**ABOUT THIS TASK**: Reproduce only the lines below from the line containing "Célula isotérmica integrada no furgão" to the line containing "Die Entwicklung der", exactly as written, with both end lines kept. Omit the pictures.

### GIVEN ENTRIES

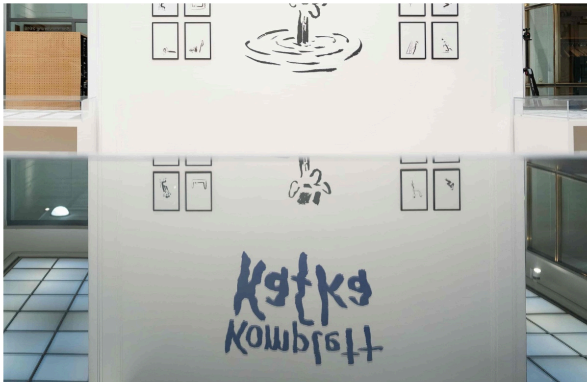
Komplett Kafka: © Nicolas Mahler
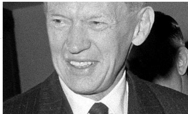
Морис Кув де Мюрвиль
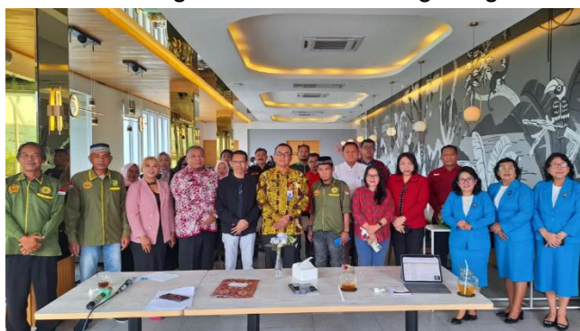
Gambar 3.7 Kegiatan Coffee Morning dengan Ormas

Kinerja program pemberdayaan dan pengawasan organisasi kemasyarakatan pada tahun 2025 didasarkan atas capaian indikator kinerja persentase organisasi masyarakat yang terdaftar dan aktif. Persentase capaian indikator kinerja ini adalah sebesar 100,36%. Program pemberdayaan dan pengawasan organisasi kemasyarakatan diwujudkan melalui pelaksanaan kegiatan coffee morning dengan ormas sebanyak 6 kali, kegiatan pembinaan dan pemberdayaan dalam rangka menuju tata pengelolaan organisasi yang baik sebanyak 3 kali, kegiatan fasilitasi rapat monitoring penanganan ormas terafiliasi premanisme yang mengganggu stabilitas keamanan dan investasi di Provinsi Kalimantan Timur sebanyak 1 kali, kegiatan peningkatan kapasitas aparatur perangkat daerah pada Kab/Kota yang menangani Subbidang Ormas sebanyak 2 kali, fasilitasi kegiatan Ngobrol Anti Korupsi (Ngopi) di Provinsi Kaltim sebanyak 1 kali, verifikasi data ormas se-kaltim sebanyak 2 kali, kegiatan podcast/talkshow dengan ormas sebanyak 3 kali, dan kegiatan Dialog dan Silaturahmi Ormas Keagamaan sebanyak 1 kali.
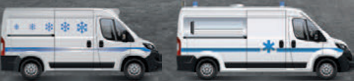
Célula isotérmica integrada no furgão

(Exemplos de transformações. Visual não contratual.)
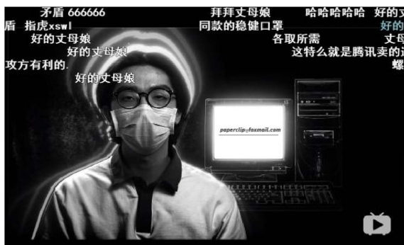
Figure 7. Screenshot of the “Paperclip Agency” video real-time bullets
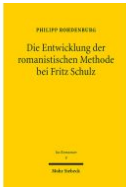
Die Entwicklung der romanistischen Methode bei Fritz Schulz Ladenpreis: 82,30EUR
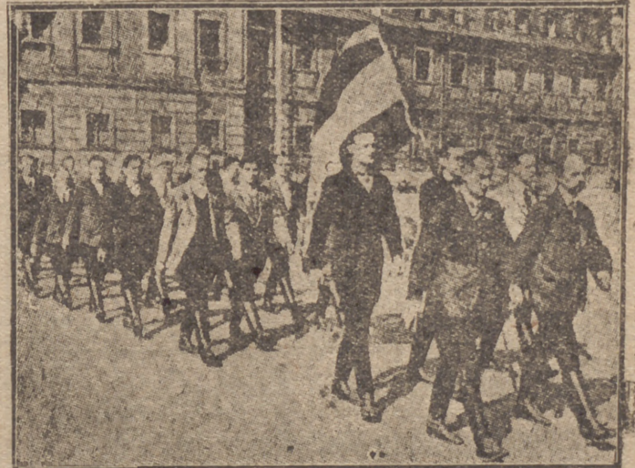
Una unidad de las fuerzas voluntarias sudetes, formadas por iniciativa de Huxlin, realizando ejercicios de instrucción militar

A las diez y cuarto de esta noche y como segundo aniversario de la liberación del Alcázar de Toledo, se celebrará en los estudios de Radio nacional un acto de afirmación hispano-lusitana, que será retransmitido por todas las emisoras nacionales y portuguesas.
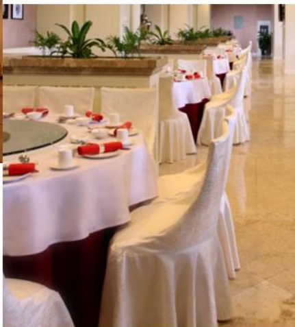
HOTEL RESTAURANT 酒店餐厅

######

**FINISHED EXERCISE**:
Célula isotérmica integrada no furgão

(Exemplos de transformações. Visual não contratual.)
Figure 7. Screenshot of the “Paperclip Agency” video real-time bullets
Die Entwicklung der romanistischen Methode bei Fritz Schulz Ladenpreis: 82,30EUR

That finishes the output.